For the third time in just four years, the adolescent social challenges of grade school are fully examined on the big-screen. In 2014, Richard Linklater’s 12-year journey “Boyhood” was nominated for six Academy Awards, earning Patricia Arquette the Oscar for Best Supporting Actress. Last year, “Lady Bird” surprised viewers with a blustering look inside the hallways of a Catholic high school and senior Christine “Lady Bird” McPherson. Now comes “Eighth Grade,” depicting the social awkwardness of 13-year old Kayla Day in her formative days as she prepares for transition to high school.
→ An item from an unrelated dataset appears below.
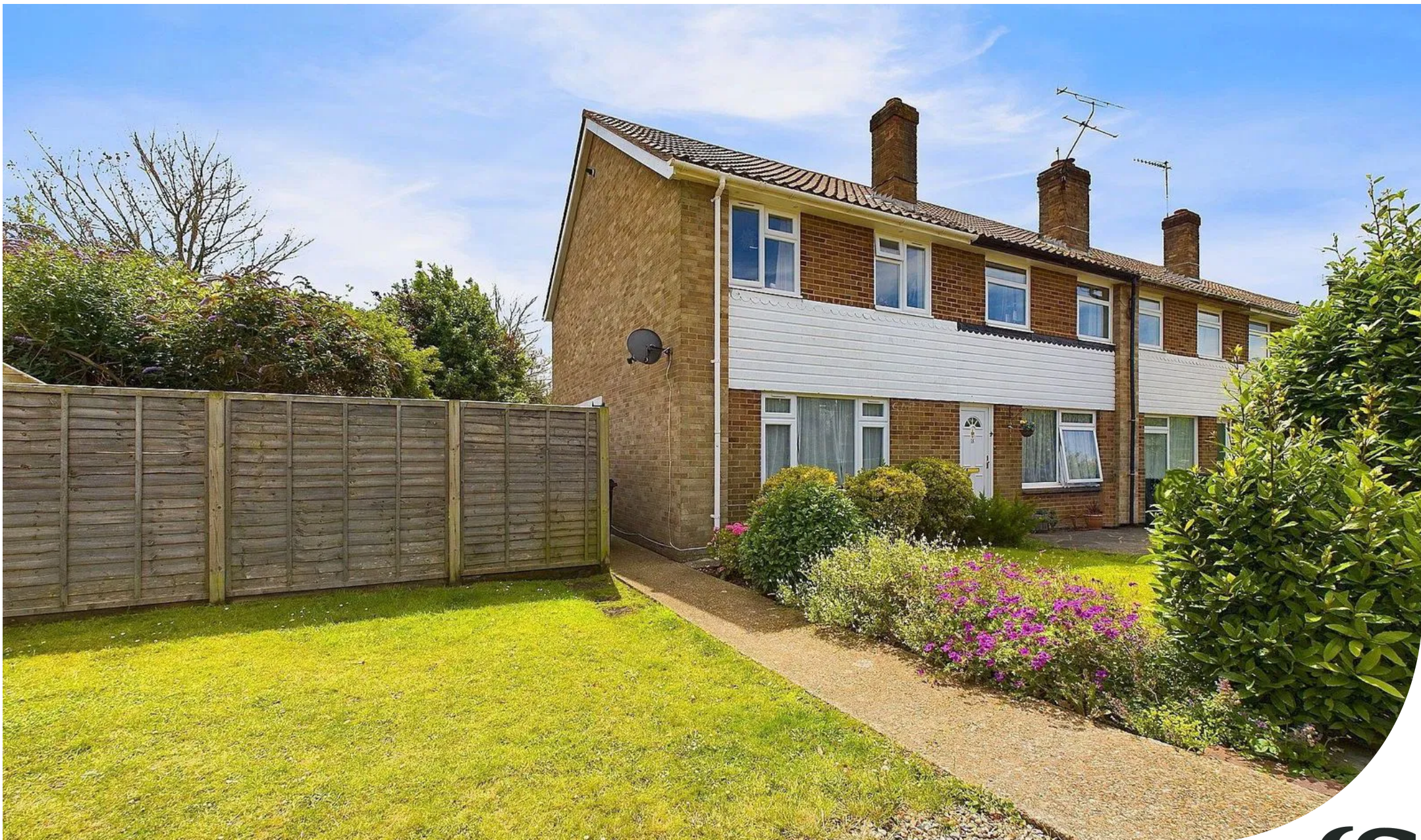
Somerset Close, Worthing, BN13 £350,000

A spectacular performance by newcomer Elsie Fisher absolutely dominates “Eighth Grade.” As Kayla, Fisher introduces us to the digital age inside our educational system and the social norms (and pressures) associated with the latest communication devices. Voted “Most Quiet” by her classmates, Kayla relies heavily on her self-promoting, motivational YouTube videos to help teens tackle their lack of confidence and issues with fitting in at school. And no one is more in need of heeding her own advice than Kayla herself.
Although somewhat slow at times, “Eighth Grade” meticulously illustrates the difficulties facing young teens with respect to a positive self-image while trying to break into the popular social cliques. The film looks and feels real. It never shies away from uncomfortable subject matter: seductive “Truth or Dare” revelations, manipulative sexting and even sexual techniques. But in the end, “Eighth Grade” is about one young girl’s dynamic relationships with her father and her peers.
First-time feature film director Bo Burnham (who also wrote the script) makes a strong arrival with this compelling and raw story. With a relatively unknown group of actors, Burnham (himself a former YouTube star turned comedian) gives us an honest, truthful peek at the drama found inside today’s middle schools. This journey by one girl represents the insecurities experienced by all of us at one time in our lives. The desire and need for acceptance, whether at home, school or work, is both powerful and crippling at times.
Parents of teenagers may leave this movie with a “So what?” perspective. The narrative too real and too close to home that one may feel the storyline less remarkable. Digging deeper, though, this snapshot of a girl’s grappling with the school’s popular crowd, a love interest and rapport with her father, makes this movie an instant cult classic for middle schoolers.
Last year moviegoers were all enamored with “Lady Bird” and the truthfulness it presented of high school life. “Eighth Grade” captures the same essence but with new teens and their challenges. Elsie Fisher’s performance is unshakable and the best so far this year, making her my first Oscar contender for Best Actress in 2018.